> _Task instructions_
Set out word for word the line that contains "U.S. Army Lt." and each line after it, through the end of the data below, but exclude the pictures.

> _Source material_
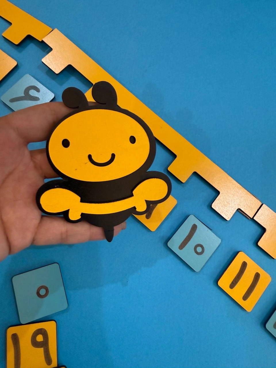 در محصول محور اعداد چوبی مگنتی، علاوه بر یک محور رنگی و جذاب، یک زنبور و یک قورباغه مگنتی نیز قرار گرفته است. این دو کاراکتر دوستداشتنی به معلم کمک میکنند تا با استفاده از داستانپردازی و حرکت این شخصیتها روی محور، مفاهیم ریاضی مانند شمارش، جهت حرکت و مقایسه عددی را به شکلی تعاملی و لذتبخش به کودکان آموزش دهد.
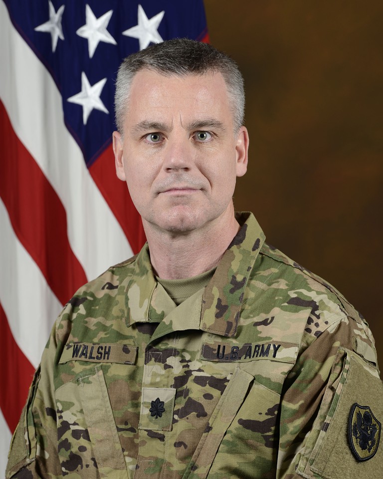 U.S. Army Lt. Col. Andrew V. Walsh poses for his official portrait in the Army portrait studio at the Pentagon in Arlington, Va., Feb 19, 2019. (U.S. Army photo by Monica King)
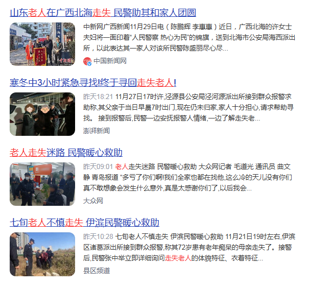 患有阿兹海默症的老人随时都有走丢的风险和发生意外的风险,并且无法准确描述自己的家庭住址和联系方式,给家人和警察的寻找工作带去一定难度。
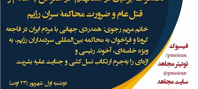 مسعود رجوی: دعوت از خامنهای و رئیسی و اژهای و دیگر جلادان و دژخیمان نظام به دادگاه کیفری بینالمللی
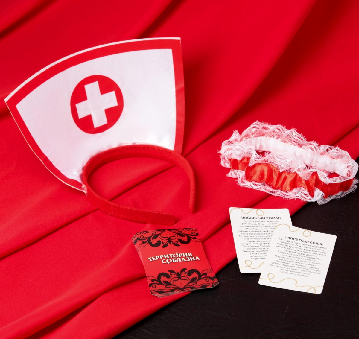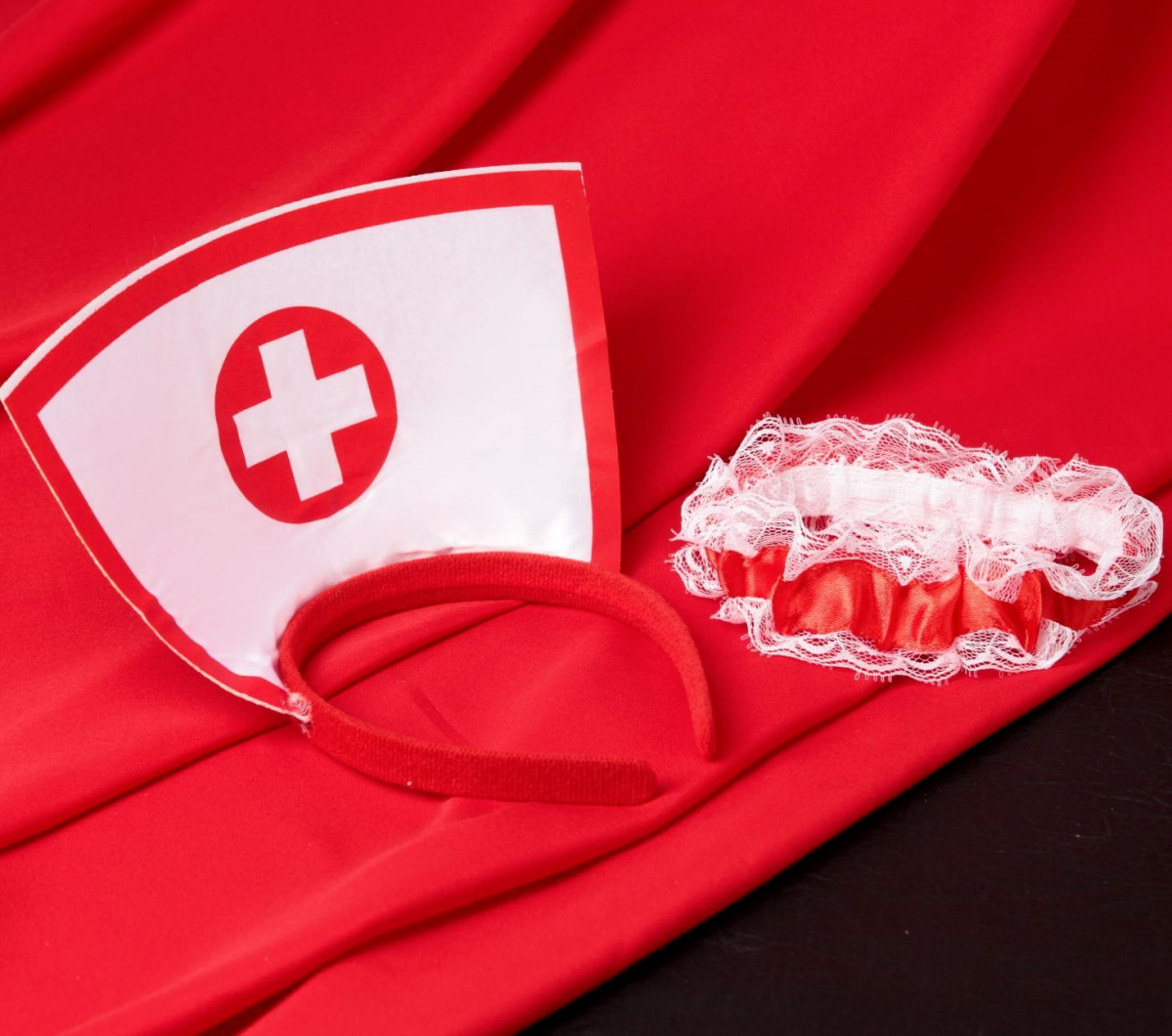 Партнёрша может использовать ободок медсестры и подвязку, чтобы добавить образу перчинки.

> _Answer_
 U.S. Army Lt. Col. Andrew V. Walsh poses for his official portrait in the Army portrait studio at the Pentagon in Arlington, Va., Feb 19, 2019. (U.S. Army photo by Monica King)
 患有阿兹海默症的老人随时都有走丢的风险和发生意外的风险,并且无法准确描述自己的家庭住址和联系方式,给家人和警察的寻找工作带去一定难度。
 مسعود رجوی: دعوت از خامنهای و رئیسی و اژهای و دیگر جلادان و دژخیمان نظام به دادگاه کیفری بینالمللی
 Партнёрша может использовать ободок медсестры и подвязку, чтобы добавить образу перчинки.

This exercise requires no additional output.